Secrets of poker Poker

Headphones at the poker table

Written by James Potter

This article first appeared in the Sep/Oct 2012 issue of World Gaming magazine.

Headphones at the poker table have become the quintessential poker accessory, but is this a good thing for the game?

There are some from the old school of poker who believe that even a drink sitting on the side of the table is sacrilegious. They believe a poker table should have seats, chips, cards, a dealer, some players and nothing else. While I can see where they are coming from those days are long gone.

The ability to listen to music at the tables has changed the game of poker, allowing players to keep themselves entertained or drown out distractions. It is hard to say whether this is a good or bad thing. The one thing it should never do is slow down the game. Someone who regularly fails to pay attention to the action at a poker table, and who is constantly asking for a dealer clarification because they didn’t hear an opponent announce “raise” is annoying for everyone. It should be the responsibility of every player to keep up with the pace of the game. Waiting for someone to fiddle around with the music on their smart phone is almost as painful as waiting for five minutes while some idiot decides whether to call all-in when pot committed for his few remaining chips mid-way through a low stakes tournament.

If people don’t abuse the luxury of being able to listen to music then it should be allowed. Some tournaments like the WSOP have a policy that you can’t listen to music once the tournament hits the money stage. Some people don’t like this rule, but I don’t think it’s unfair to ask players to concentrate a little harder when things heat up at the business end of a tournament.

The main problem is the fact that many music-playing devices are also cameras, phones, notebooks and mini-computers offering users a host of game-slowing distractions like ebooks, games, social networking tools and internet access. As long as poker room managers keep on top of the situation and monitor the usage of such devices I don’t see any problem.

Does listening to music affect your game? The answer to this is an obvious yes. The first thing any poker player will stress is the importance of being aware of your environment. The absence of the sounds of the game lessens your ability to read your opponents well. After all, hearing is one of your most valuable senses and there are times when you should keep your ears open.

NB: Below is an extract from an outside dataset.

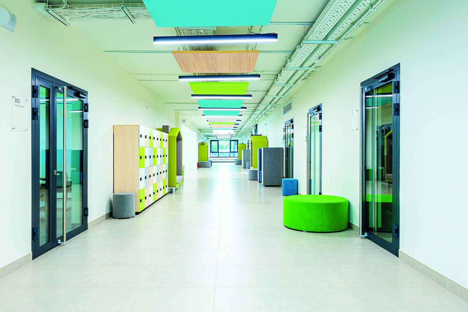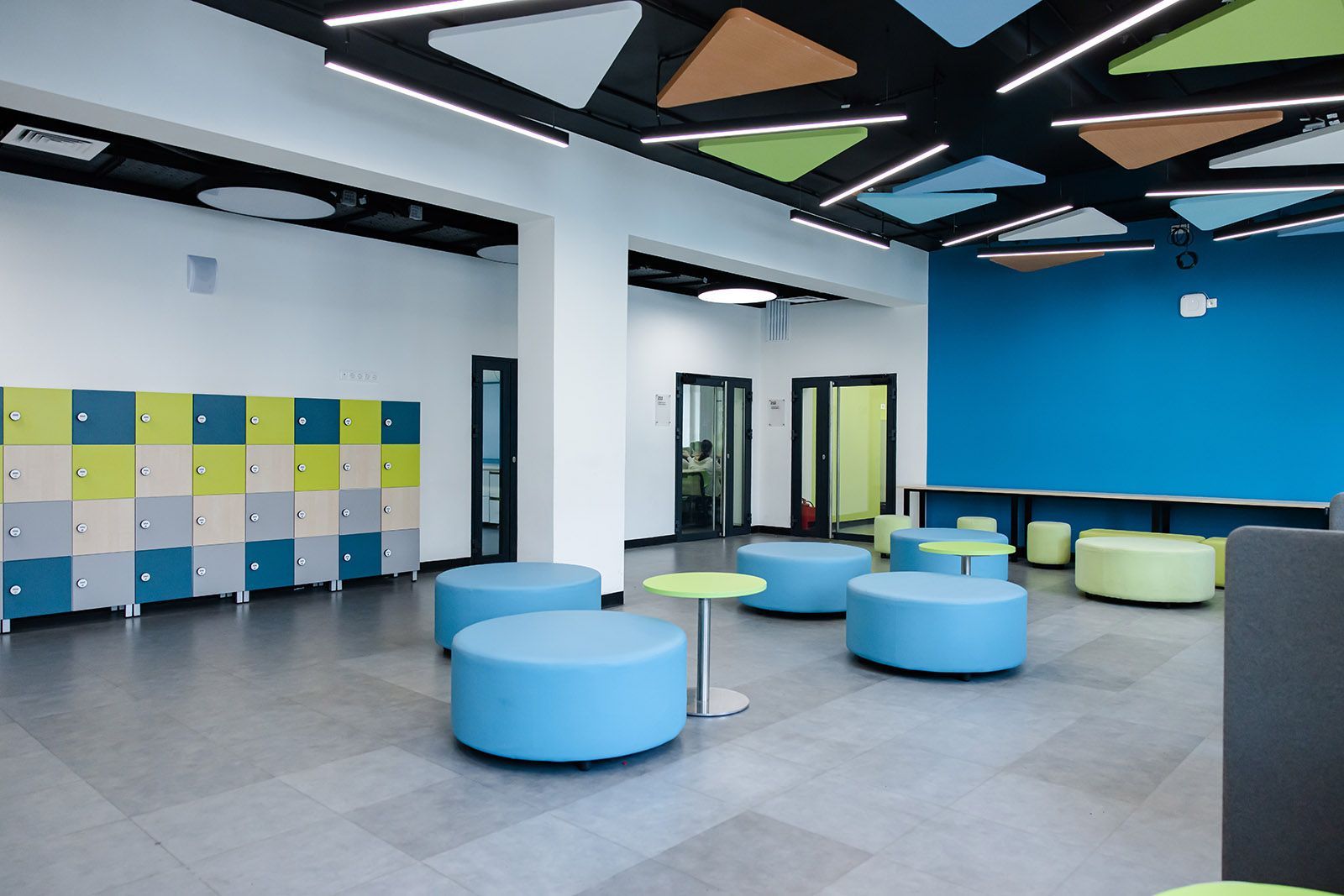 Стены оформляются в светлых тонах с яркими акцентами. В тамбурах и вестибюлях используется светлая плитка под кирпич, в столовых и санузлах – керамическая. После завершения чистовой отделки на лестницах установят многоуровневые перила для детей разного роста. Системы видеонаблюдения и контроля доступа будут выведены на пост охраны. В вестибюлях, коридорах и рекреациях будет размещена мягкая мебель.

Having said this, there are times where the benefits of music outweigh the negatives. This comes back to the point that poker players are all different and what works for Peter doesn’t necessary work for Paul. Poker for most people is a pastime, hobby or passion but for others it is a nothing more than a moneymaking exercise. Music can offer sanity for grinders spending countless hours at the poker table. It can keep them sharp and most importantly stop them from making stupid mistakes.

I wear headphones a lot in tournaments. For me tournaments are all about routine and I find at the start of a tournament I like to listen to relaxing music to help me acclimatize to the surroundings. I am very conscious about my playing environment and I can always turn the music off if I need to listen to what is happening.

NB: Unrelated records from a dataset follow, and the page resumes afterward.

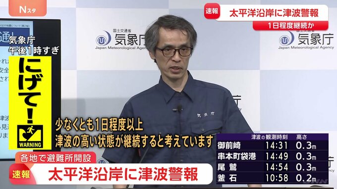 気象庁は午後1時から2回目の会見を行い、「津波が高い状態は少なくとも1日以上は続く見込み」だと発表しました。「一つの波が非常に長い。1時間くらい、一つの周期の波が時間がかかるので、非常に長い間、津波が観…
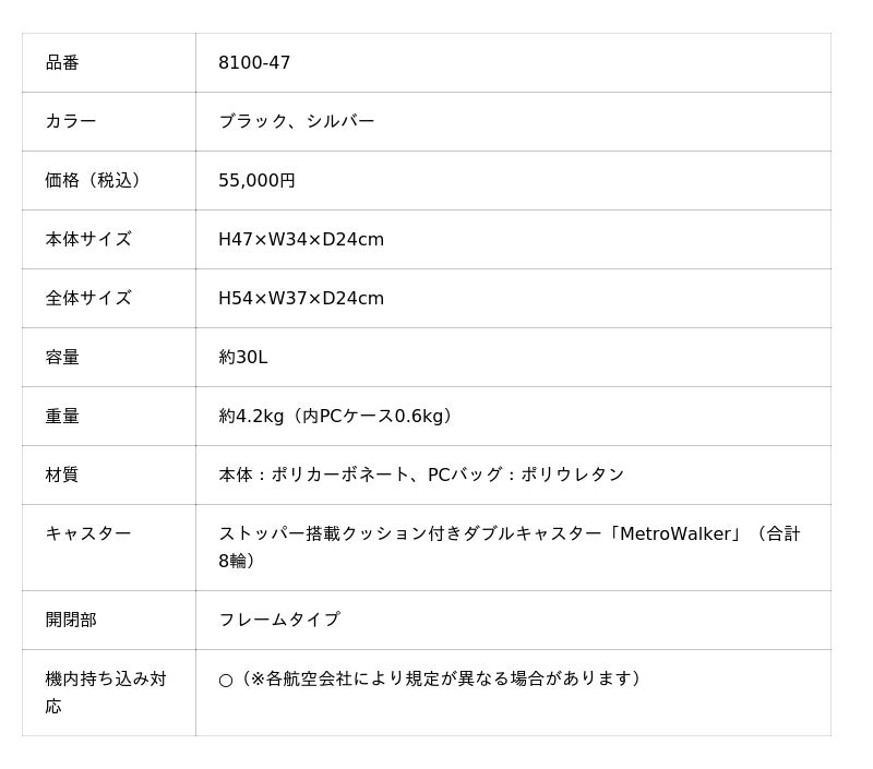 製品URL: https://tands-luggage.jp/products/8100_hard-case
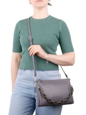 <div>Сумка женская на одной ручке на плечо из натуральной гладкой кожи. Закрывается на молнию. Длина съемного плечевого ремня 64 см. Мягкая и легкая , подходит для повседневной носки, прогулок, в качестве подарка. В комплект входит регулируемый кожаный ремень, максимальной длиной 112 см и пластиковая ручка-цепочка из крупных звеньев в тон сумки длиной 46 см На дне сумки нет металлических ножек. Внутри три отделения, один карман на молнии, один открытый карман. Снаружи сзади карман на молнии. Вес сумки 600 грамм, в упаковке 500 грамм.Происхождение бренда Россия. Производство Китай. Натуральная кожа-100%. Высота — 18 см. Ширина — 25 см. Глубина — 9 см.</div>
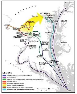 This was demonstrated during the American War of 1812, when the ships of the North America Station of the Royal Navy and military forces of the British Army, Board of Ordnance, and Royal Marines, maintained a blockade of much of the Atlantic seaboard of the United States of America, carried out amphibious raids such as the 22 June 1813 Battle of Craney Island,[15] and then launched the Chesapeake Campaign (defeating American forces in the Battle of Bladensburg, capturing and burning Washington, DC, and raiding Alexandria, Virginia),[16][17] from Bermuda.

I also have a wide variety of music on offer and pick and choose my tracks to suit the style of play I am adopting at any particular time. If I am playing a very long tournament, have plenty of chips and there are a couple of crazy players on my table then I am playing a waiting game and listen to some chilled out tunes. If, on the other hand, things are starting to tighten up on the table, I am getting short on chips and I judge the time is right to move up a gear then I tend to listen to some thumping rock or fast techno to get the blood pumping.

Not everyone is going to dissect their playlists to the point I do, but you should be mindful of how and why you listen to music at a poker table. Anything that improves or detracts from your game is relevant and all good poker players are trying to get the best out of their game.

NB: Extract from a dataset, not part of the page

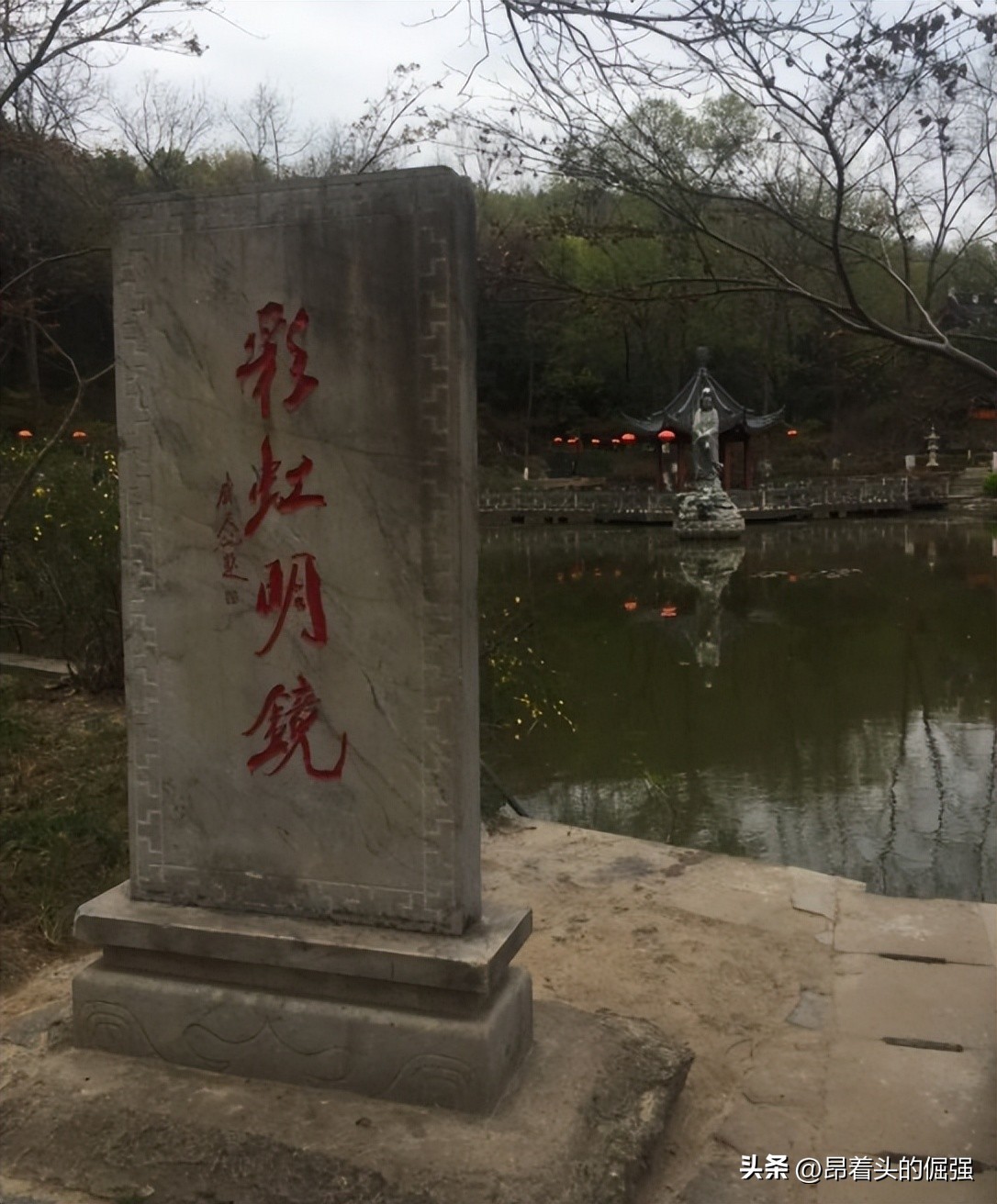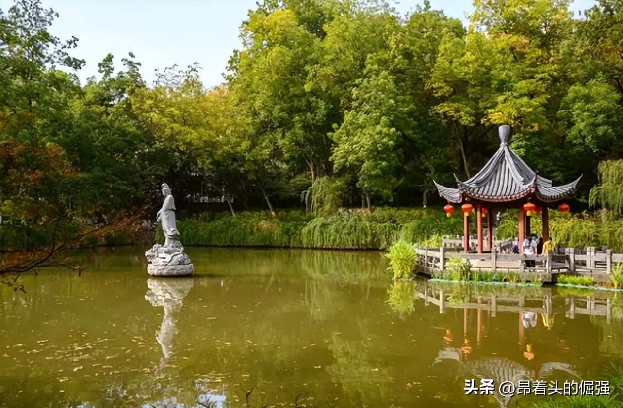 进了山门,一个四四方方的明镜湖,映入眼帘,这里是进入寺庙的必经之处,湖上有观音石像和六角亭,在湖边还有青铜经文巨型雕塑,在阳光照射之下闪闪发光,显得非常神圣,有种进入净土的平静感,心灵也得到荡涤。

Love’em or hate’em: other pet hates at the table

Sunglasses: The use of sunglasses was a hot topic on the poker table prior to the headphone revolution. There was a stage where every second player in tournaments wore sunglasses. Daniel Negreanu was one pro that said he thought sunglasses gave players an unfair advantage. Again I think that it’s each to their own and if Daniel thought they were an advantage then he should have bought himself a pair.
Hoodies: The Unabomber Phil Laak was the first person to make a poker tactic out of wearing a hoodie. For those of you not in the know, a hoodie is a jumper with a hood that can cover your head. Players then extended this concept and started covering their entire faces when other players were trying to read them. I wish dress standards applied at poker tables, but I am in the minority. If people like Phil Laak want to cover up their faces then best of luck to them, even if it does make them look like a total imbecile.
Massages: Masseuses plying their trade at major poker tournaments have become the norm. Those that dish out the back rubs must love this development so good luck to them. Personally, I prefer to be totally relaxed when getting a massage, but that’s just me. My only gripe is if there is limited room at the table. I don’t want to sacrifice my comfort for some other fat idiot to sprawl themselves out and start grunting and groaning while getting a rub down!
Food: This often causes controversy. Many card rooms have, or at least had, a no food policy. However, this is becoming rarer. People have to eat and many players do lengthy stints at the table. I prefer to take half an hour away from the table to chill out and relax when I am having a feed, but once again this is merely personal preference. As long as a player doesn’t spill his fried rice on the table, get burger grease on the cards or slow the game down then best of luck to them.